Member of the Legislative Assembly of Quebec for Bonaventure
- In office 1924–1936
- Preceded by: Joseph-Fabien Bugeaud
- Succeeded by: Henri Jolicoeur
- In office 1939–1944
- Preceded by: Henri Jolicoeur
- Succeeded by: Henri Jolicoeur

Personal details
- Born: December 7, 1887 Lévis, Quebec
- Died: August 3, 1950 (aged 62) Quebec City, Quebec
- Party: Quebec Liberal Party
- Other political affiliations: Liberal Party of Canada

= Pierre-Émile Côté =

Canadian politician

Pierre-Émile Côté (December 7, 1887 - August 3, 1950) was a Canadian politician.

== Biography ==
Born in Lévis, Quebec, the son of Pierre Côté and Joséphine Émond, Côté was educated at the Séminaire de Québec, the Académie commerciale de Québec, Collège de Lévis, and the Université Laval in Quebec City. He was called to the Bar of Quebec in 1913. He practised law in New Carlisle from 1919 to 1942.

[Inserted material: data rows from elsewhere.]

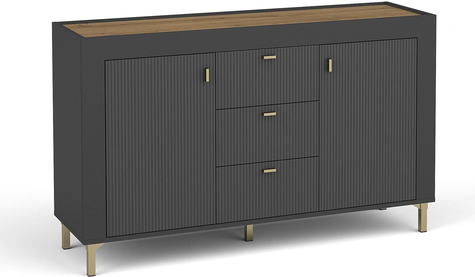 Komoda z szufladami i szafkami z kolekcji Mossa MO6 wpisuje się w aktualne trendy wnętrzarskie.Mebel świetnie sprawdzi się w salonie, pokoju młodzieżowym lub sypialni.Komoda wykonana jest z wysokiej jakości płyty meblowej, która zapewni trwałość na długi czas.Czarny kolor mebla z blatem w kolorze dąb whisky ociepli wnętrze i doda mu przytulności.Nóżki z tworzywa sztucznego w kolorze złotym dodają meblowi lekkości i ułatwiają utrzymanie porządku.Złote uchwyty i ryflowane fronty uzupełniają całość i dodają subtelności.Komoda MO6 jest elementem większej kolekcji Mossa, co pozwala na aranżację wnętrza wg własnych potrzeb.Mebel dostarczany jest w paczkach do samodzielnego montażu według dołączonej instrukcji.Wymiary:Produkt objęty jest 2-letnią gwarancją.Produkt dostarczymy do Państwa BEZPŁATNIE pod wskazany adres na terenie całego kraju.Co WAŻNE: zgodnie z prawem i naszymregulaminemmają Państwo pełne prawo do zwrotu nieużywanych towarów, jeśli nie spełnią one Państwa oczekiwań.
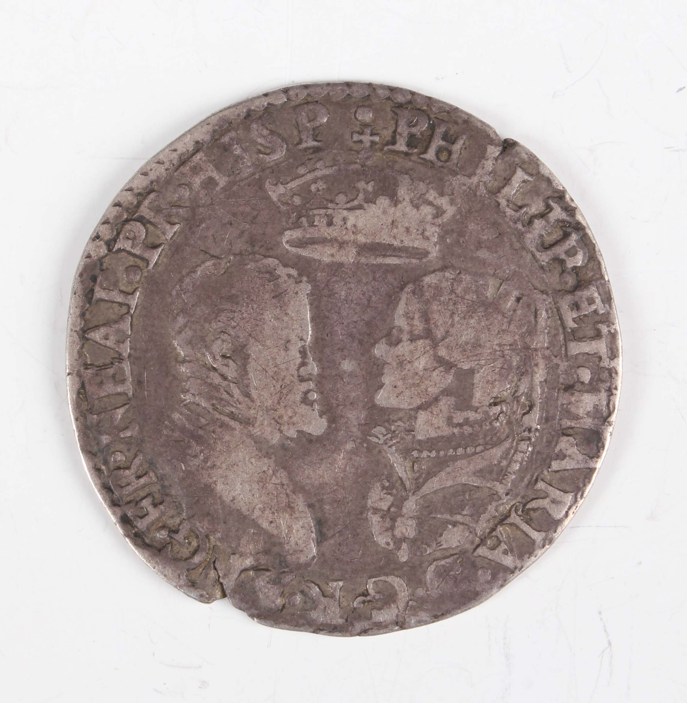 A scarce Philip and Mary hammered silver shilling 1554-1558, undated type, obverse with facing busts, Sp 2501A (good-fine, toned, nicely defined busts, some unevenness to flan).
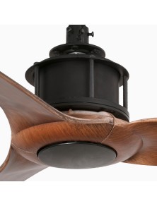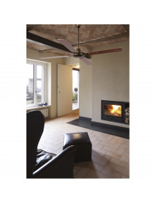 Este ventilador funciona con un motor de corriente alterna (AC) fiable y resistente, y se controla mediante un regulador de pared incluido. Permite seleccionar entre cinco velocidades, con un consumo de entre 25 W y 70 W y una velocidad de rotación de entre 115 y 220 rpm. Malvinas incluye la función inversa verano/invierno, que invierte el giro de las aspas para aprovechar mejor el aire caliente en invierno y refrescar en verano. Las aspas son reversibles, lo que permite adaptar la estética a tu estilo decorativo.
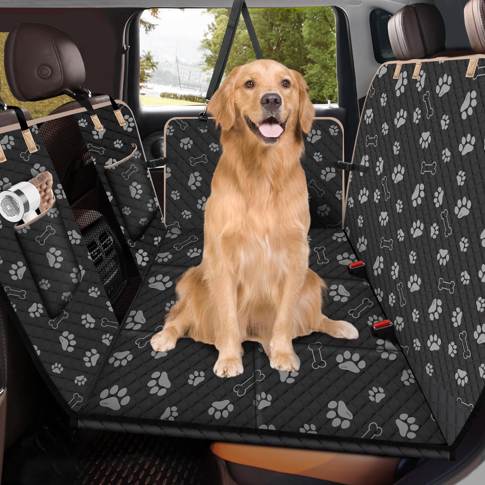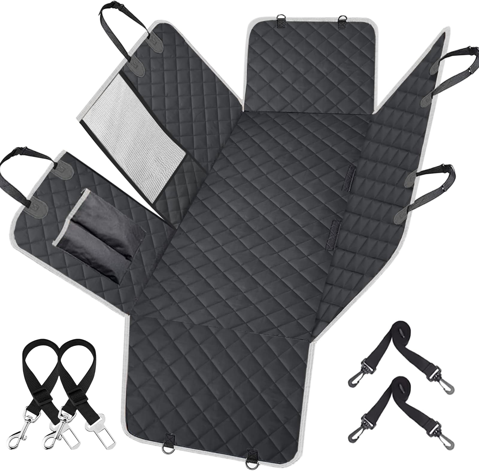 L'extension de siège arrière pour chiens peut empêcher les animaux de compagnie de glisser lors de promenades cahoteuses. Caractéristiques : Le fond solide offre une surface robuste et confortable pour que votre animal de compagnie puisse se reposer. Avec fenêtre en maille et poches : cette protection pour siège arrière de voiture dispose d'une fenêtre en maille qui permet à vos animaux de compagnie de vous voir et de rester calmes pendant le voyage. Une ceinture de sécurité pour chien incluse pour empêcher votre animal de compagnie de glisser pendant la conduite. Sac de rangement inclus. Tapis imperméable de banquette arrière pour chien DOGGO ON THE GO - Housse de siège de voiture pour chien, protection de Compatibilité universelle : avec ses 140 x 77 cm, l'extension de siège de voiture pour chien s'adapte à la plupart des modèles de voiture populaires, qu'il s'agisse d'une berline, d'un SUV ou d'une voiture familiale (Chevrolet Silverado, Ford F-Series, RAV4, Dodge Ram 1500/2500/3500, Toyota Camry, Honda CR-V, Toyota Corolla, etc., ). Le lit de voiture pour chien est un excellent cadeau pour tous les amoureux des animaux de compagnie. Facile à installer et à nettoyer : il ne faut que quelques secondes pour enlever ou installer la housse de siège arrière pour chien. Plus de chutes : avec les 6 plaques de charge robustes intégrées, la housse de siège arrière pour chiens est assez solide pour supporter vos chiens jusqu'à 72,6 kg. Housse Siege Voiture Chien PJDDP Extension De Siège Arrière Pour Chiens, Matelas De Lit De Voiture Pliable Et Non Gonflable, Résistant Aux Rayures, Matelas De Camping Portable Pour Voiture, SUV, Camion Hamac Voiture Chien Fond Rigide Test : housse extensible SHARLOVY pour chiens en voiture Peut facilement accueillir de grands chiens jusqu'à 72 kg et s'adapte à la plupart des sièges de voiture (SUV, berlines, voitures familiales)., - - Caractéristiques du produit : Couverture de siège de voiture pour chien : 140 x 77 cm (rabats latéraux non inclus). 40 % de gain de place : l'extension de siège arrière pour chiens transforme tout l'espace du siège arrière en un espace de repos pour les chiens. Housse de siège auto pour chien Lekereise pour siège arrière. Notre housse de siège pour chien est fabriquée en tissu Oxford 600D imperméable et résistant pour protéger vos sièges de voiture des poils d'animaux et des rayures. Facile à nettoyer avec un chiffon humide ou un aspirateur.

He was first elected to the Legislative Assembly of Quebec for the Liberals in a 1924 by-election for Bonaventure. He was acclaimed in 1927 and re-elected in 1931 and 1935. He was Minister of Highways from March to August 1936; however, he was defeated in 1936. He then turned to federal politics and was elected to the House of Commons of Canada for the Liberals in a 1937 by-election for Bonaventure. However, he resigned in 1939 to return to provincial politics and was elected in the 1939 Quebec general election. He was Minister of Lands and Forests, Fish and Game from 1941 to 1942. He resigned in 1942 when he was appointed a judge of the Quebec Superior Court.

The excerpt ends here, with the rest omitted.